Mosque [Flickr: Nicolas Laughlin]

Religious freedom for Murfreesboro mosque despite recent block on occupancy

CNN and KLTV report the indictment of Javier Alan Correa, 24, of Corpus Christi, Texas, by federal authorities for threatening to bomb the Islamic Center of Murfreesboro in 2011. At the announcement for the indictment, United States Attorney Jerry Martin spoke to the right to religious freedom and its guarantee to the American Muslim community:

The Department of Justice will not tolerate violence or threat of violence against the Muslim community here in Murfreesboro… The right to worship and assemble is a bedrock guarantee of this great nation.

Police are still searching for the parties responsible for arson and vandalism attacks on the mosque in 2010. More immediately, the County has just blocked the mosque's occupancy permit on the grounds that it did not provide enough public notice for a 2010 site-approval meeting. As in other cases of mosque opposition in the US, some claim that this legal technicality is being used as a veneer for the discriminatory blocking of a Muslim place of worship.

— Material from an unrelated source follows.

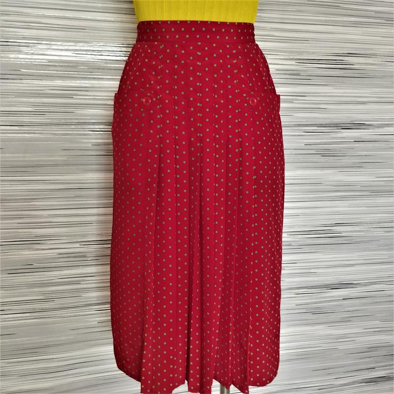 Такая файная,симпатичная меди юбочка в горох винтаж от NEXT качественный пошив в деталях основной цвет – красный,зеленый горох,боковые накладные карманчики, декорированные пуговицами, складки по середине подола, размер S M (по сравнению с бирцией больше, но винтажные вещи маломерят) длина 76 см ПОТ 34 см - 36 см ПОБ 56 см, в стик.стани на спинке молния, разрез декоративный 100% поле сатин, средней плотности, бодрящая ткань,практично не требует глажки цвета насыщенные, сохраненные загалом ІДЕАЛЬНОГО СТАНУ,абсолютно
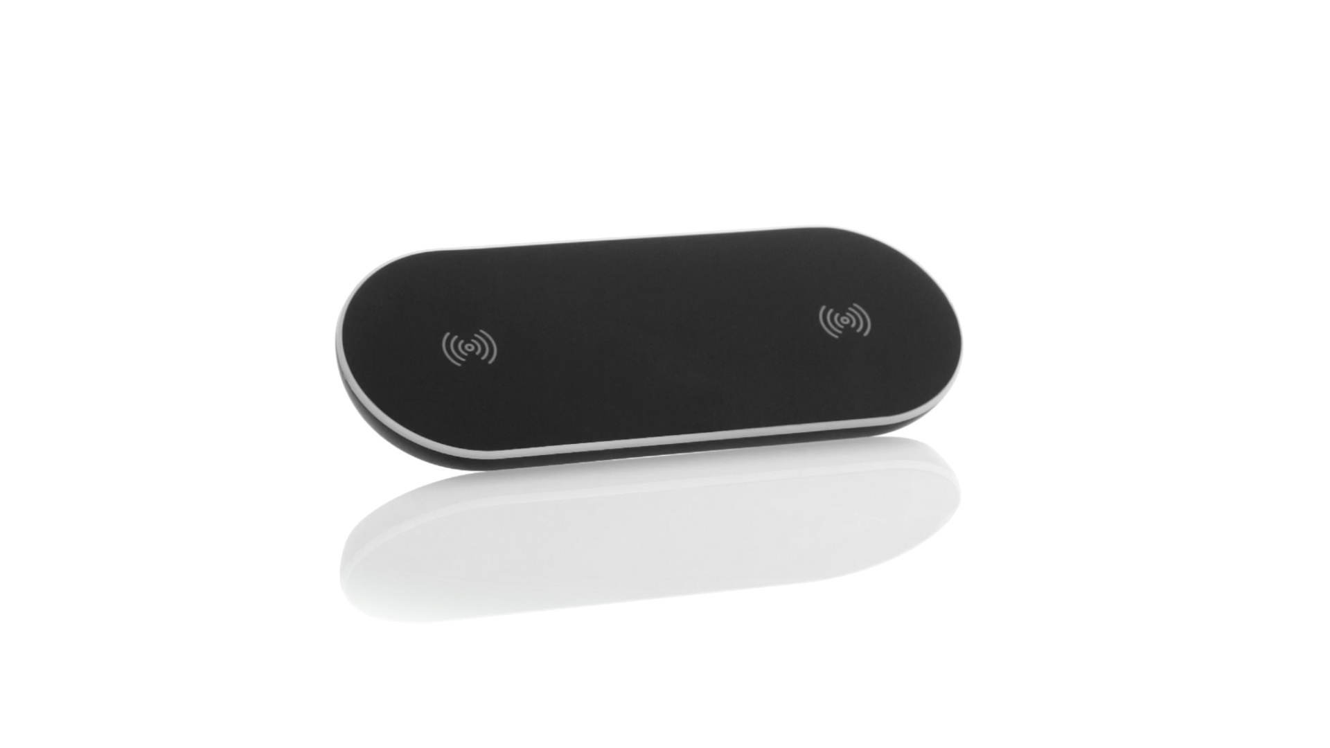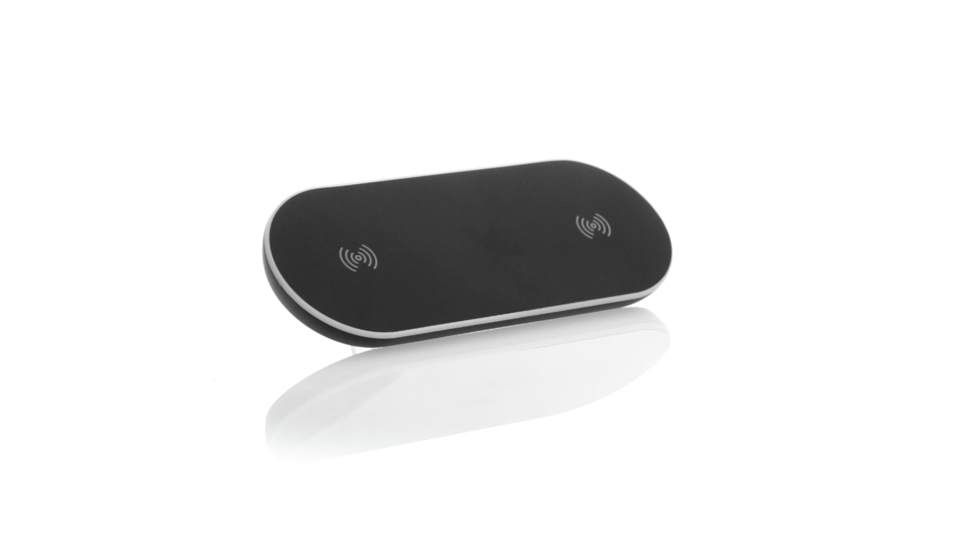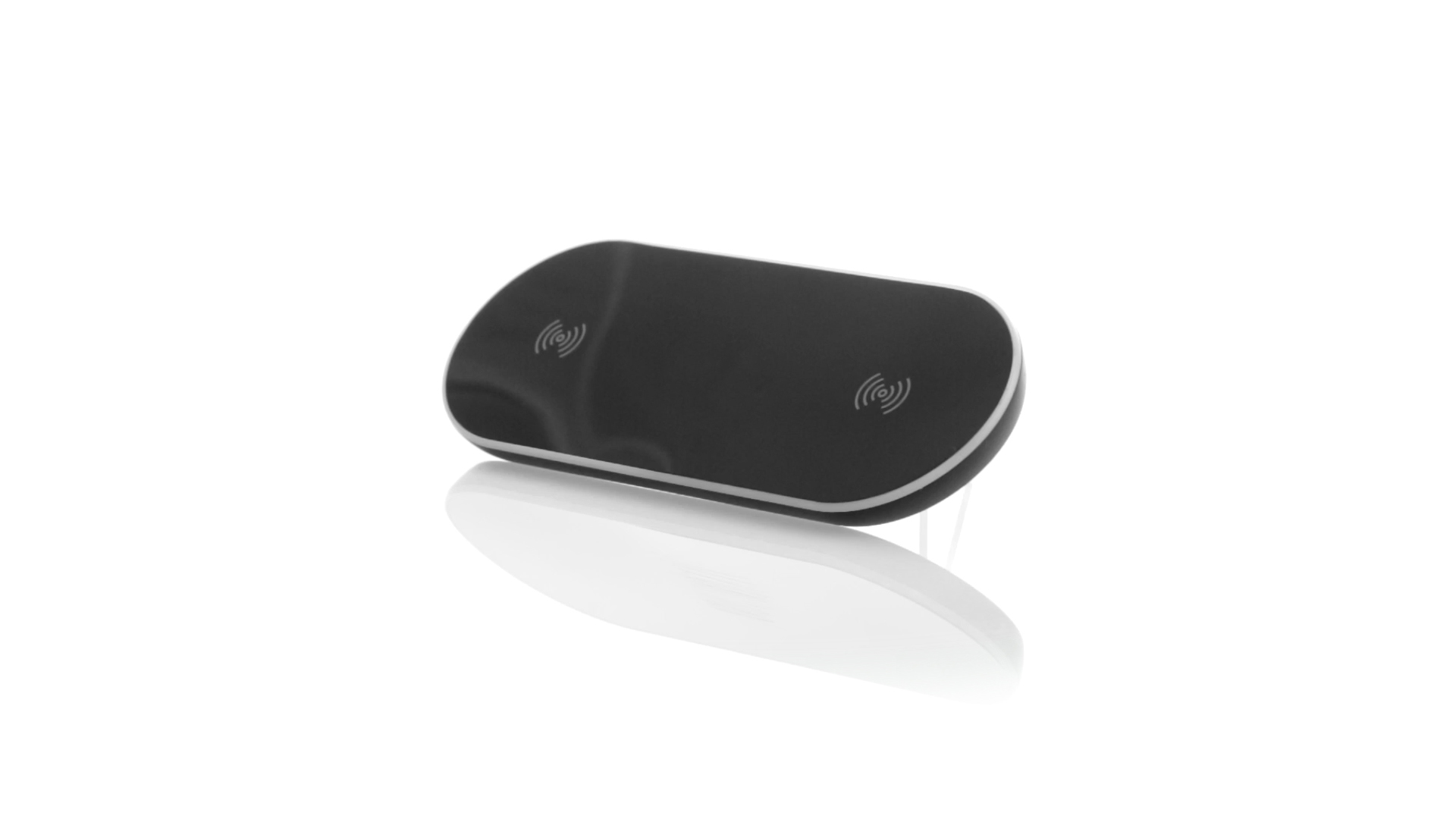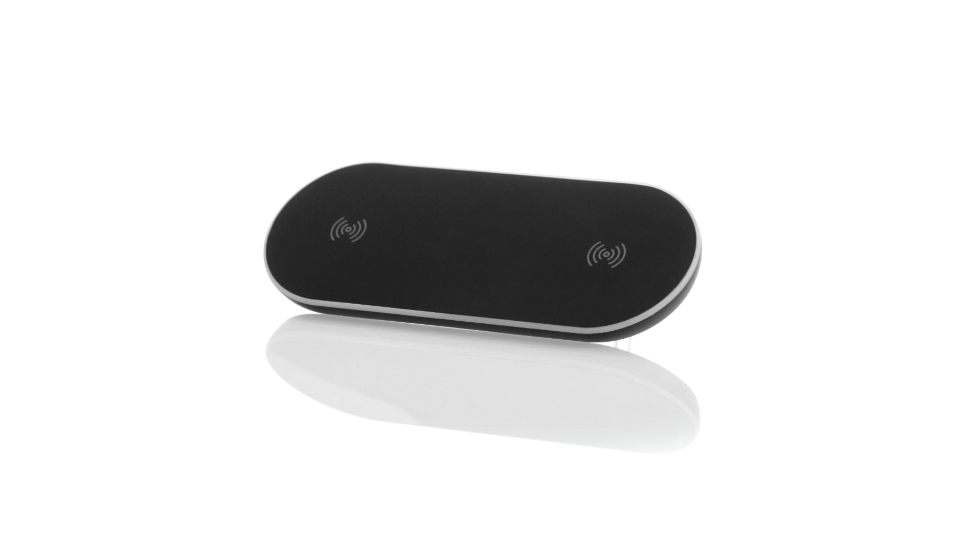Cargador inalámbrico para carga simultánea de hasta 2 dispositivos. En elegante color negro, con luz led interior y un recubrimiento exterior especialmente diseñado para marcaje en láser, con el que conseguirá que su publicidad o marca quede iluminada con luz blanca. Base antideslizante y compatible con dispositivos equipados con tecnología de carga inalámbrica. Presentado en atractiva caja de diseño. Cable USB incluido.

Blake Farmer at NPR reported on the role of fear and discrimination against Islam in the Murfreesboro controversy, as having started “as an attempt by mosque opponents to put the religion of Islam on trial.” To illustrate the fear-mongering at work in this dispute, Farmer quoted attorney Joe Brandon’s statement that the imposition of “Shariah law” was a “probability” if the mosque was allowed in Murfreesboro. Brandon contined, stating

Shariah law is not religion, and I'm unaware of any situation where you can separate Shariah law out from under Islam. Quite frankly, I see that as a problem.

Despite the loud minority of opposition, Farmer notes that most Murfreesboro residents are either indifferent or unaware of the mosque's existence.